Jack Ryan: Shadow Recruit – Film Review

I've looked forward to this movie for a while, ever since I first saw the trailers for it. For a long time I had been dying to watch a movie like The Bourne series again, and having also read the Bourne book (and mildly disappointed because the book was a different experience to the film) the need for some clever paced spy-espionage-international-action film had never been stronger.

As usual, being the curious one, I googled what people were saying about this movie – and a fair amount of my criticism (positive and negative) will be informed by what I read then. But of course I've seen the movie myself and here are my thoughts on it:

Jack Ryan is a business analyst with a history with the American Marines – who then gets hooked into CIA financial branch, picked up by Kevin Costner's character. Jack discovers suspicious transactions being carried out by a fishy Russian company and sounds the alarm that the Russians are probably on to something to hurt America (because isn't that what all Russians ever do?), not through the predictable violent and political means, but through economically bankrupting the Wall Street and making the dollar drop to a point where it becomes impossible for it to recover. By now you can tell this story will have a lot of depth in it, because by invoking words like financial analyst, economic terrorism, wall street, etc, you'd better be sure about what you're talking about.

And for the first half of the film, the plot line holds convincingly enough.

Phd guy doing covert operations? Where the movie starts to go a little downhill is when Jack Ryan is sent to Moscow to run operations for CIA. Sure, Jack has close associations with the officials of the Russian company that CIA is trying to bring down, so he would be a good choice to send there to meet them in person. In saying that, there is no practical reason as to why Jack, a mere Phd guy – with a history with Marines, yes, but with no covert operational experience – is suddenly given all these responsibility to do all the dirty work.

Short in numbers? Also, there were literally seven CIA agents that you see in the entire movie, only four of them doing anything significant, and only Jack Ryan (a business analyst!) risking his neck hacking into top secret world endangering Russian company's security system. They seemed more like a little gang of miscreants than the Central Intelligence agency.

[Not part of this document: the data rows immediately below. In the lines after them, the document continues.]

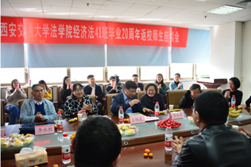 2018年4月6日,乐动官方网页版首届法学本科毕业生——经济法41班毕业生20周年返校,并与法学院师生分别举行了师生座谈会和就业经验分享会。师生座谈会在主E910法学院会议室举行,法学院党总支书记及校友当年的任课教师、经济法41班返校校友、法学院在读学生代表等参加了此次座谈会。正值乐动官方网页版建校122周年暨迁校62周年、乐动官方网页版法学院成立10周年之际,此次座谈会除了师生共话师生情谊以外,还就双方合作进行了初步探讨。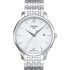 Orologio Tissot tradition con movimento al quarzo Swiss made, vetro in zaffiro bombato antigraffio, quadrante chiaro da 42mm, cassa in acciaio 316L, bracciale in acciaio 316L con chiusura a farfalla e pulsanti.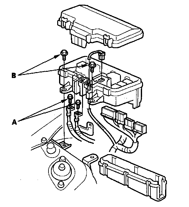 5. Remove the bolts (B) securing the main under-hood fuse/relay box.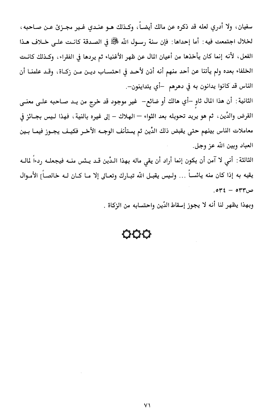 الثالثة: أني لا آمن أن يكون إنما أراد أن يقي ماله بهذا الدَّين قد يئس منه فيجعله ردءاً لماله يقيه به إذا كان منه يائساً ... وليس يقبل الله تبارك وتعالى إلا ما كان له خالصاً] الأموال ص533 - 534.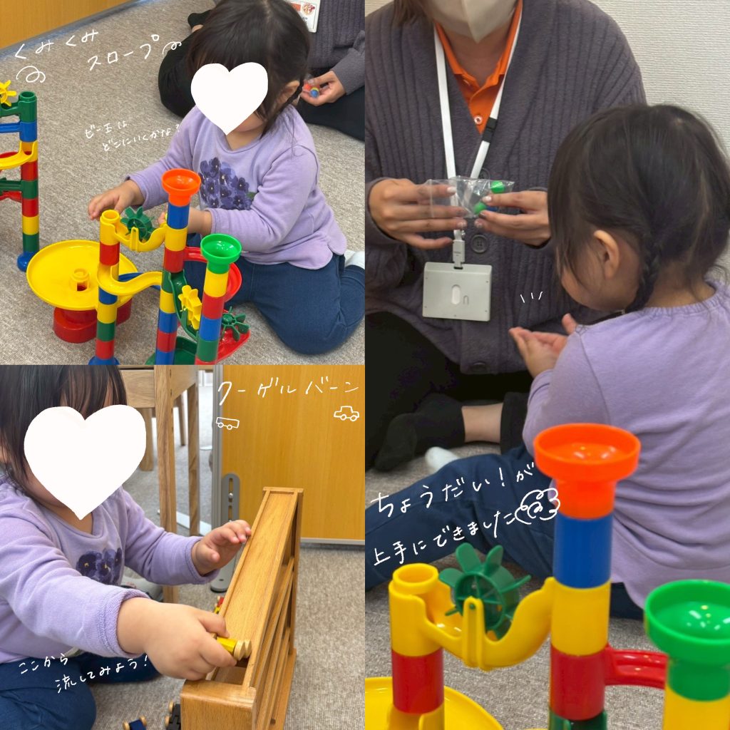 ブロック、おままごと、クーゲルバーン、くみくみスロープなどができるコーナーも作りました✌
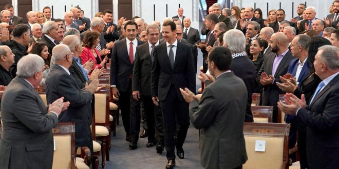 הנשיא אל-אסד למשתתפים במפגש הערבי לעמות עם הקואליציה האמריקנית-ציונית ריאקציונית 2017-11-14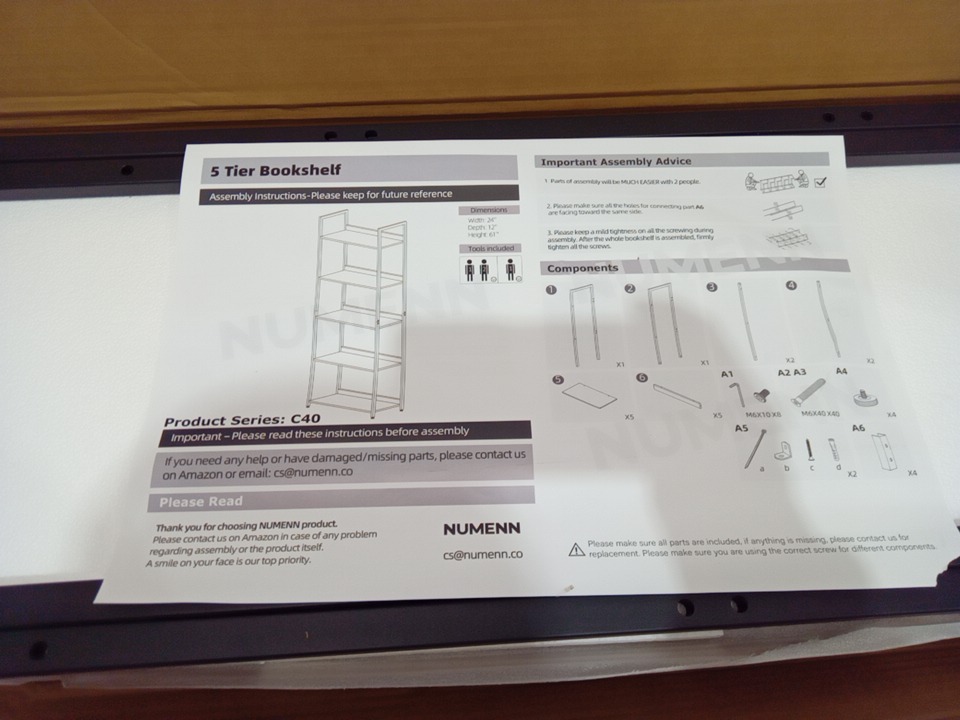 numenn 5 tier bookshelf with metal frame and wood shelves - 60" x 24" x 12" - vintage - (model: c40us01001)

Are they running out of staff or what?

Fight scenes are short and rare, and when they do happen, shaky cameras reign in full glory. So for all we can see and discern, they could be fighting for their lives or they could just be tripping over and falling over flower vases.

Kiera Knightley doesn't look like she belongs in the film. She does well for her part, she is a polished actor and convincing actress. But her character seems only half-there – and her being there does not contribute or does anything to the story. She seems like an after-thought. A token female presence just in case the all-male cast gets too overbearing. I would say a female character should definitely be in, but perhaps either in a completely aloof way or a completely integrated way – not as a character who turns up halfway and is permitted to become part of a top secret scandalous operation run by America's top CIA – again, surely CIA can do better than that.

Far fetched – In this respect this movie falls way behind Bourne series because of the far fetched implications. We aren't in the Cold War anymore. A Russian company thinks of taking down the USA, bombing Wall Street (spoiler alert!); but wait, here comes a Phd financial analyst (who has no idea how to run an espionage operation) to the rescue! outsmarting dumb dumb Russians swimming drunk in their pools of vodka and going bonkers every time they see a beautiful woman – Tell me that doesn't sound far fetched –– if not ridiculous.

Chris Pine – Now on a positive note, Chris Pine as Jack Ryan redeemed the film. He's no Matt Damon. But he is a great cast.

Kevin Costner – well, regarding this guy – I didn't know he's still alive.

To conclude, this is a very good non serious action spy thriller. It has the things that you expect to see in a spy film –– world travel, women, car chases, European accents, ambitious globally connected villain group, a villain with personal issues, a nagging relationship getting in the way and a cool composed spy.

Lock up your brains when you go into the movies though, you won't need it that much––not atleast for the second half of the film.